Angelica Jade Bastién of Vulture warned readers, "This isn't a sincere treatise on female sexuality, it's a dark comedy for people who carry around an NPR tote bag", and criticized the film for failing to take a "sincere interest in the interior conflicts" of its protagonist. Bastién identified the decision to make Bella Baxter mentally a child as the "primary failure of Poor Things sex scenes", citing Bella's depiction as an example of the "born sexy yesterday" trope. "In many ways", she wrote, "the film demonstrates the limits of the modern cis-male auteur's vision for and about women—particularly their sexual selves." Praise was saved for Holly Waddington's costuming, which Bastién called "the greatest triumph of the film".
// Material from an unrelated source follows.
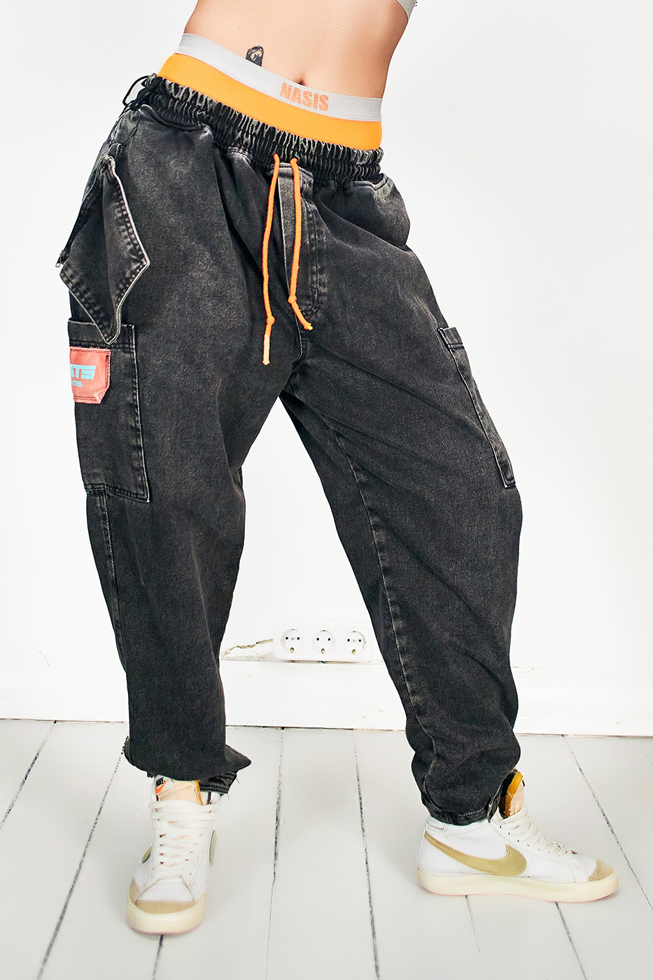 Джинсові штани карго вільного крою оверсайз. 100% бавовна. Технологія обробки джинсу Stone Wash. Пояс на резинці. 2 задніх та 2 бокових кармана. На резинці та шнурку

The film has been subject to scrutiny in Gray's native Scotland due to its seeming disregard for the source material and its Scottish roots, with online documentary channel Ossian presenting a portrayal of the true origins of Poor Things and its Scottish setting. Those closest to Gray have suggested that Lanthimos's interpretation of the source material was something Gray agreed to in the early 2010s, when contractual terms for a screenplay were drawn up.

===Accolades===

Poor Things won the Golden Lion at the 80th Venice International Film Festival. At the 96th Academy Awards, it received 11 nominations, including Best Picture, and won 4 awards, including Best Actress for Stone. At the 81st Golden Globe Awards, it received seven nominations and won Best Motion Picture – Musical or Comedy and Best Actress – Motion Picture Musical or Comedy for Stone. At the 29th Critics' Choice Awards, it received 13 nominations, winning for Best Actress. It received 11 nominations at the 77th British Academy Film Awards and won 5 awards, including for Best Actress in a Leading Role. The American Film Institute and the National Board of Review named Poor Things one of 10 best films of the year.